Sutcliffiella horikoshii

Scientific classification
- Domain: Bacteria
- Kingdom: Bacillati
- Phylum: Bacillota
- Class: Bacilli
- Order: Bacillales
- Family: Sutcliffiellaceae
- Genus: Sutcliffiella
- Species: S. horikoshii
- Binomial name: Sutcliffiella horikoshii (Nielsen et al. 1995) Gupta et al. 2020
- Synonyms: Bacillus horikoshii Nielsen et al. 1995;

= Sutcliffiella horikoshii =

- Authority: (Nielsen et al. 1995) Gupta et al. 2020
- Synonyms: Bacillus horikoshii Nielsen et al. 1995

Species of bacterium

Sutcliffiella horikoshii is a species of Gram-positive, aerobic, rod-shaped, endospore-forming bacterium.
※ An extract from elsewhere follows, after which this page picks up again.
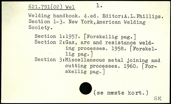 Welding handbook, 4,ed, Editor:A,L,Ph1111ps. Section 1-3, New York,American Welding Society. Section 1:1957® [Forskellig pag.] Section 2:Gas, arc and resistance welding processes, 1958. [Forskellig pag, ] Section 3sMiscellaneous metal joining and cutting processes. 1960

It is alkalitolerant, with optimal growth at approximately pH 8. The specific epithet horikoshii honours Japanese microbiologist Koki Horikoshi. The type strain is PN-121^{T} (= DSM 8719^{T} = ATCC 700161^{T}).

The species was originally described as Bacillus horikoshii in 1995 and was transferred to the genus Sutcliffiella in 2020 on the basis of phylogenomic and comparative genomic analyses.